#### Problem details:
Include in the reply only the lines from the start of the data below through the line containing "리모델링 시장 규모가", reproduced exactly and with no pictures.

+++

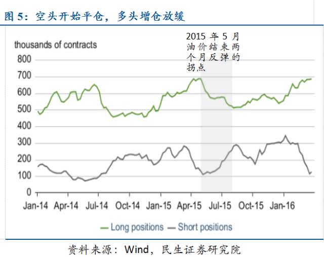 期货市场是直接决定油价的最前沿阵地,1月下旬以来的油价上涨50%,首先造成了远期升水大幅降低,已经接近15年年中以来的最低值,未来将会对当期合约价格有较大下行压力;其次使得多头合约数达到过去两年高位而空头合约数急剧减少,目前多头持仓增长趋势已经放缓,而空头持仓已经有初步反转趋势,综合来看,短期内油价面临调整压力。
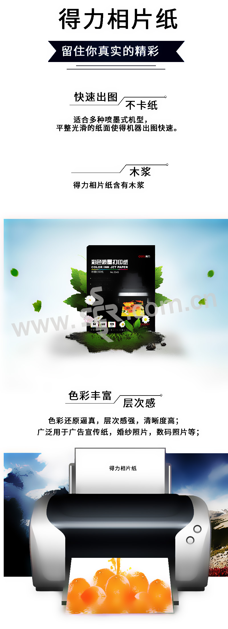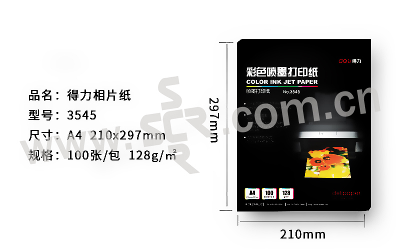 DELI/得力 喷墨打印纸 3545 A4 210×297mm 100张装 1包
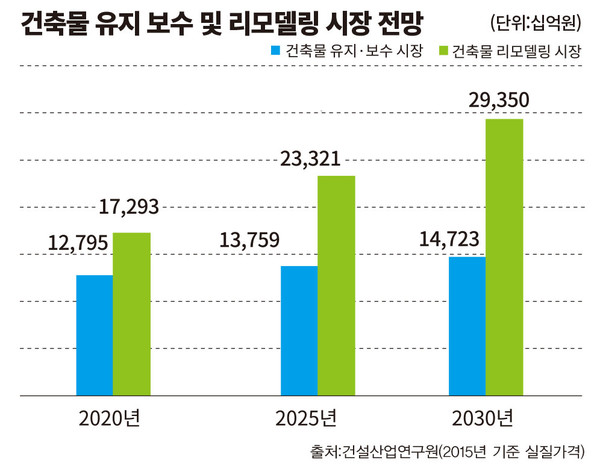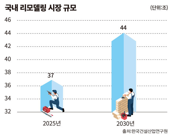 리모델링 시장 규모가 점차 증가하고 있다. 한국건설산업연구원에 따르면, 국내 리모델링 시장 규모는 오는 2025년 37조원 이상, 2030년이면 44조원에 달할 것으로 전망하고 있다. 건축물 전체 리모델링 시장으로 범위를 넓혀보면, 아파트 리모델링이 차지하는 비율은 지난 2010년 0.01%, 주거 0.2% 규모에서 2019년 전체 0.5%, 주거 14.7% 확대됐다. 이 기간 동안 전체 리모델링 착공면적은 연평균 1.7% 증가에 그쳤지만, 아파트 리모델링은 57.5% 급증했다.
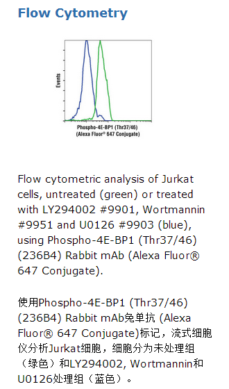 Phospho-4E-BP1 (Thr37/46) (236B4) Rabbit mAb 兔单抗(Alexa Fluor® 647 Conjugate)检测仅在Thr37或Thr46位点磷酸化的内源性4E-BP1蛋白水平。该抗体可以与在等效位点磷酸化的4E-BP2和4E-BP3蛋白发生交叉反应。通过人工合成小鼠4E-BP1 蛋白Thr37和Thr46位点周围序列相应的多肽片段去免疫动物从而制备单克隆抗体。这个抗体以F/P 比值为2-5在最优条件偶联Alexa Fluor® 647。Alexa Fluor® 647染料可最大程度被红光激发(e.g. 633 nm He-Ne激光器)。偶联Alexa Fluor® 647染料的抗体能产生峰值为665 nm的远红外荧光发射。该CST抗体偶联Alexa Fluor® 647荧光染料,并用直标法流式细胞术在内部检测人类细胞。未接合的抗体Phospho-4E-BP1 (Thr37/46) (236B4) Rabbit mAb兔单抗 #2855可与人类、小鼠、大鼠和猴子的磷酸化4E-BP1 (Thr37/46)蛋白发生反应。CST公司认为磷酸化4E-BP1 (Thr37/46) (236B4) Rabbit mAb兔单抗 (Alexa Fluor® 488接合)也将能识别这些物种磷酸化4E-BP1蛋白。翻译抑制蛋白4E-BP1 (又称 PHAS-1)通过结合翻译起始因子eIF4E蛋白从而抑制帽子结构依赖的翻译。4E-BP1的过磷酸化干扰上述结合并且导致激活帽子结构依赖的翻译(1)。PI3 kinase/Akt通路和FRAP/mTOR激酶通路都调节4E-BP1蛋白的激活(2,3)。在体内4E-BP1多个位点残基被磷酸化(4)。通过FRAP/mTOR蛋白使4E-BP1在Thr37和Thr46位点磷酸化不能阻止它eIF4E结合,但这被认为是为随后在4E-BP1的Ser65和Thr70位点磷酸化进行准备(5)。
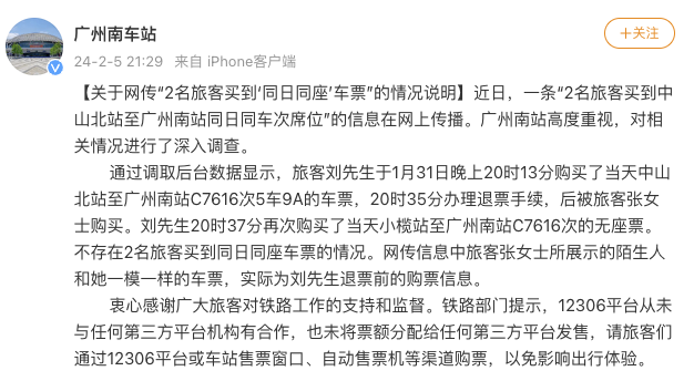 通過調取後台數據顯示,旅客劉先生於(yu) 1月31日晚上20時13分購買(mai) 了當天中山北站至廣州南站C7616次5車9A的車票,20時35分辦理退票手續,後被旅客張女士購買(mai) 。劉先生20時37分再次購買(mai) 了當天小欖站至廣州南站C7616次的無座票。不存在2名旅客買(mai) 到同日同座車票的情況。網傳(chuan) 信息中旅客張女士所展示的陌生人和她一模一樣的車票,實際為(wei) 劉先生退票前的購票信息。
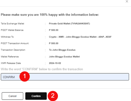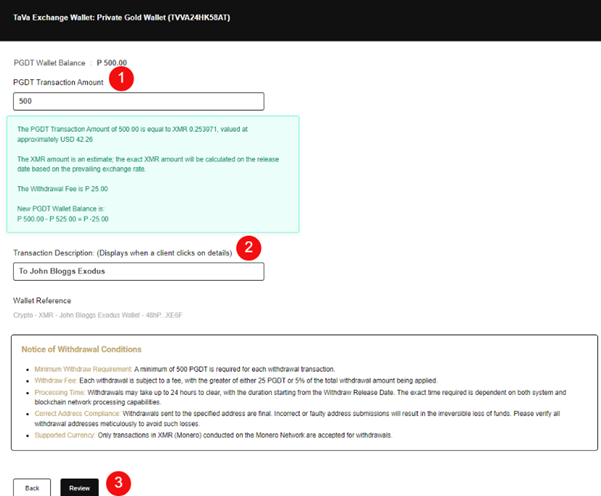 – Enter the amount of PGDT tokens that you want to withdraw – see number 1.
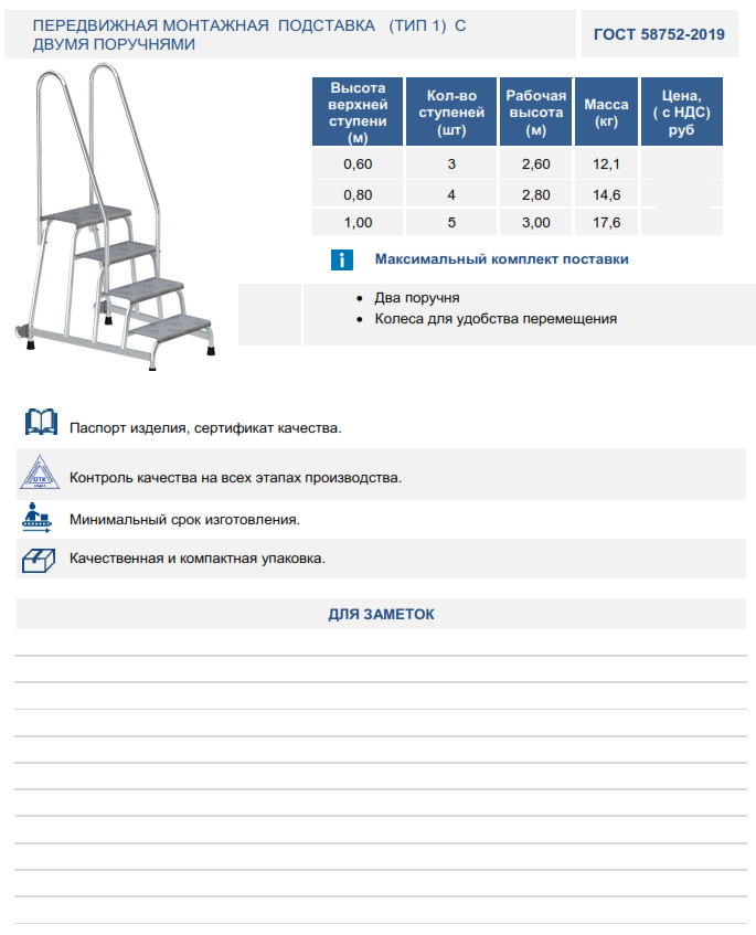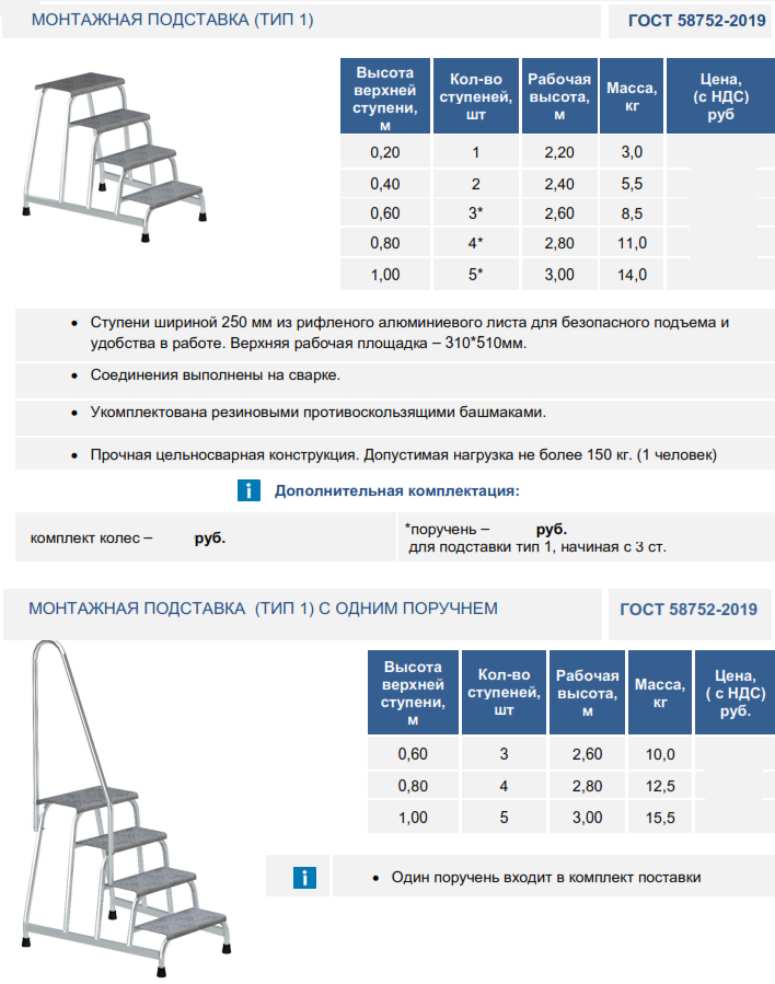 | Передвижная монтажная подставка (тип 1) 2 ступени | ||
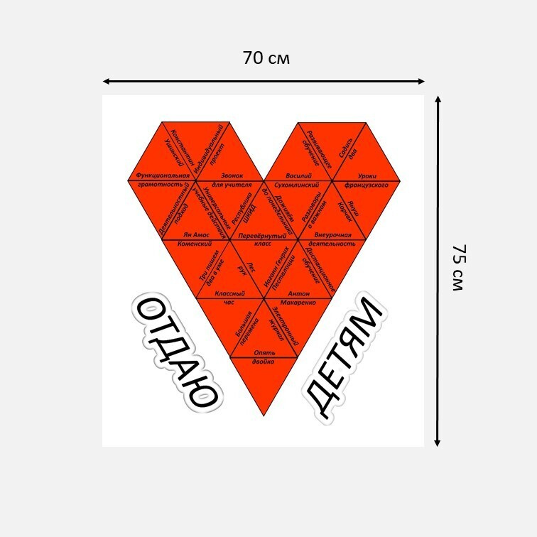 Материал посвящен профессии учителя и приурочен к профессиональному празднику. В основе декора лежит название книги Василия Александровича Сухомлинского «Сердце отдаю детям». Сердце оформлено в виде игры – тримино.
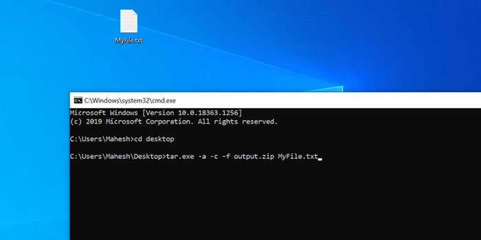 Nhập lệnh tar.exe -a -c -f output.zip myfile.txt vào cửa sổ Command Prompt. Thay thế output.zip bằng tên muốn đặt cho tệp ZIP và myfile.txt bằng tệp muốn thêm vào ZIP và nhấn Enter.
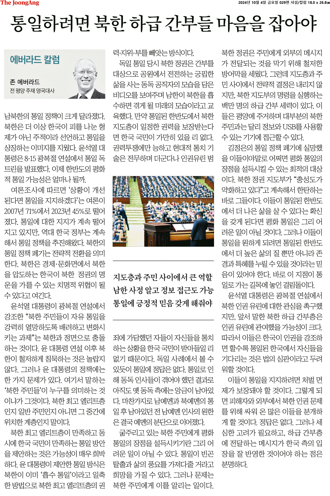 ⑤ 김정은의 통일 정책 폐기에 실망했을 이들이야말로 어쩌면 평화 통일의 장점을 설득시킬 수 있는 최적의 대상이다. 북한 정권 지도부가 “충성도가 약화하고 있다”고 계속해서 한탄하는 바로 그들이다. 이들이 통일된 한반도에서 더 나은 삶을 살 수 있다는 확신을 갖게 된다면 평화 통일은 그리 어려운 일이 아닐 것이다. 그러나 이들이 통일을 원하게 되려면 통일된 한반도에서 더 높은 삶의 질 뿐만 아니라 존경과 특혜를 누릴 수 있을 것이라는 믿음이 있어야 한다.
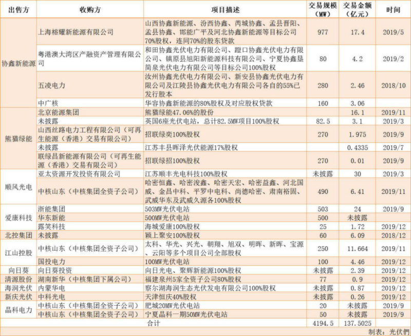 而以協(xié)鑫、熊貓綠能為代表的民營企業(yè)受限于補(bǔ)貼拖欠問題,在2019年加快出售電站的步伐。據(jù)不完全統(tǒng)計(jì),2019年有超過4GW光伏電站進(jìn)行出售,交易金額近140億元。
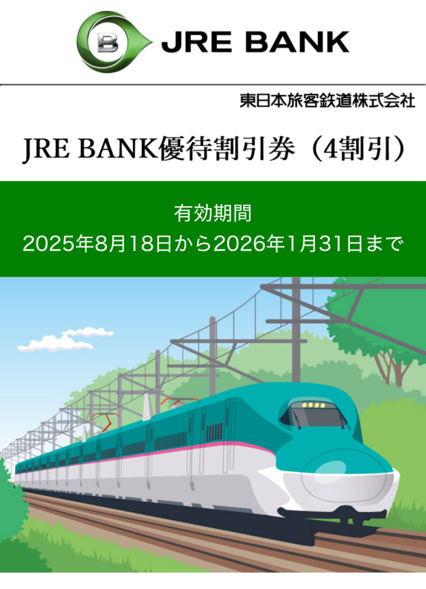 ・ 「JRE BANK優待割引券(4割引)」のご利用は「えきねっと」からのお申込みとなります。
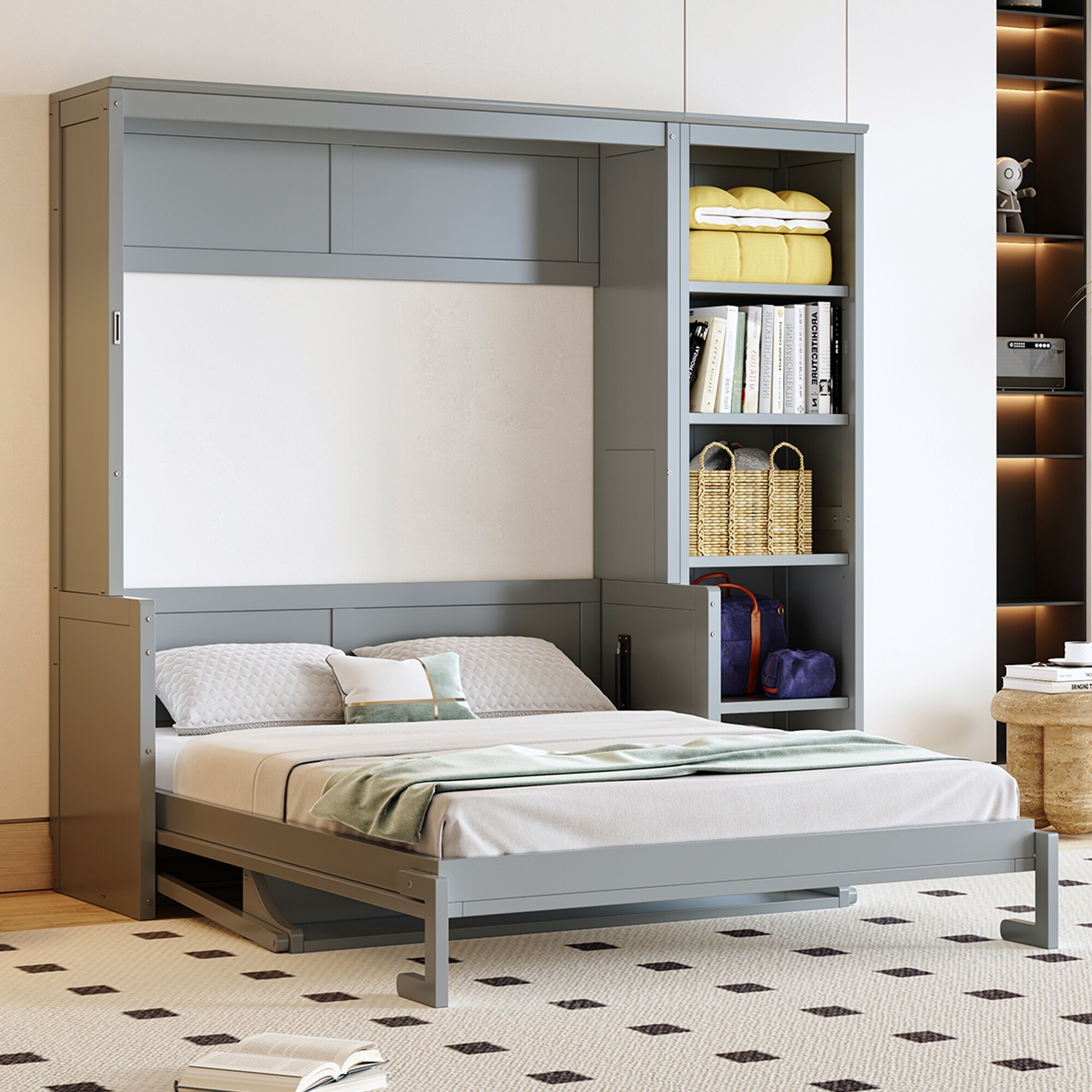 Full Size Murphy Bed with Desk and Bookshelf

+++

#### Answer for the task:
 期货市场是直接决定油价的最前沿阵地,1月下旬以来的油价上涨50%,首先造成了远期升水大幅降低,已经接近15年年中以来的最低值,未来将会对当期合约价格有较大下行压力;其次使得多头合约数达到过去两年高位而空头合约数急剧减少,目前多头持仓增长趋势已经放缓,而空头持仓已经有初步反转趋势,综合来看,短期内油价面临调整压力。
 DELI/得力 喷墨打印纸 3545 A4 210×297mm 100张装 1包
 리모델링 시장 규모가 점차 증가하고 있다. 한국건설산업연구원에 따르면, 국내 리모델링 시장 규모는 오는 2025년 37조원 이상, 2030년이면 44조원에 달할 것으로 전망하고 있다. 건축물 전체 리모델링 시장으로 범위를 넓혀보면, 아파트 리모델링이 차지하는 비율은 지난 2010년 0.01%, 주거 0.2% 규모에서 2019년 전체 0.5%, 주거 14.7% 확대됐다. 이 기간 동안 전체 리모델링 착공면적은 연평균 1.7% 증가에 그쳤지만, 아파트 리모델링은 57.5% 급증했다.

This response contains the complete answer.